No luck so far reproducing this problem. So next I will ask that you enable one instrumentation at a time until we pinpoint the one is generating a an Evrent with a BigNum (BigDecimal) that is incompatible with the google protobuf 4.29.

arielvalentin avatar Feb 01 '25 04:02 arielvalentin

@dazuma do you know anyone on the protobuf team that could help investigate this problem?

arielvalentin avatar Feb 21 '25 13:02 arielvalentin

I don't think this original issue is the same problem.

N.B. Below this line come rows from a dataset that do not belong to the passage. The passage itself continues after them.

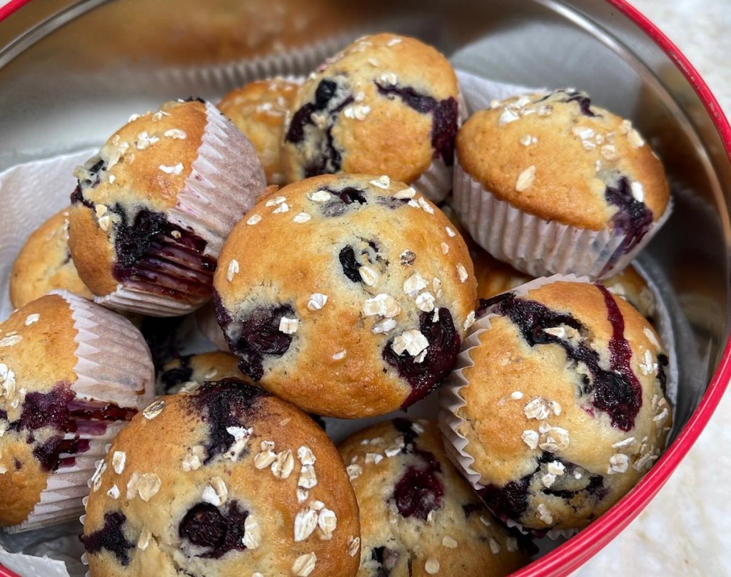 - I like to scoop my batter into the muffin tins and then place 3 – 4 berries in each muffin depends on their size.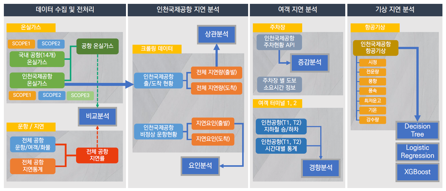 전체적인 과정은 데이터 수집 및 전처리, 인천국제공항 지연 분석, 여객 지연 분석, 기상 지연 분석으로 나눠서 분석을 진행했다. 가장 데이터가 많았던 인천국제공항을 위주로 분석을 진행하였고, 필요한 데이터들은 그린리포트, 항공정보 포탈 시스템, 공공데이터 포털, 서울 열린 데이터 광장, 항공기상청 등 다양한 곳에서 확보하였다.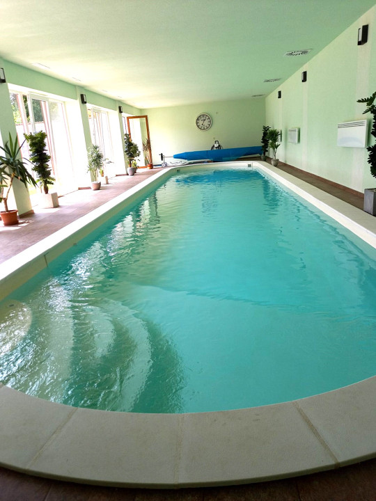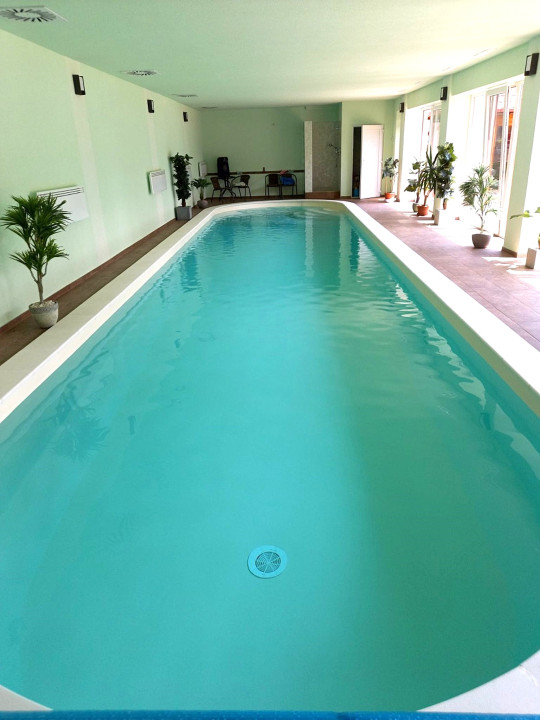 Fűtött, jakuzzi és medence (16x3,4 m) úszófolyosóval.

But I just encountered this error with the sidekiq instrumentation, which (in v8) started passing millisecond integer times instead of second floats.

See https://github.com/open-telemetry/opentelemetry-ruby-contrib/pull/1444

dmathieu avatar Mar 12 '25 09:03 dmathieu

I had this same problem because I was passing nanos as an integer which were assumed seconds and then multiplied to overflow this value. The docs at https://www.rubydoc.info/gems/opentelemetry-api/OpenTelemetry/Trace/Tracer#in_span-instance_method clearly state for start_timestamp:

start_timestamp (optional Integer) (defaults to: nil) — nanoseconds since Epoch

But that's inaccurate, it actually expects Time or Float of seconds or similar. I opened #1841.

cretz avatar Apr 22 '25 22:04 cretz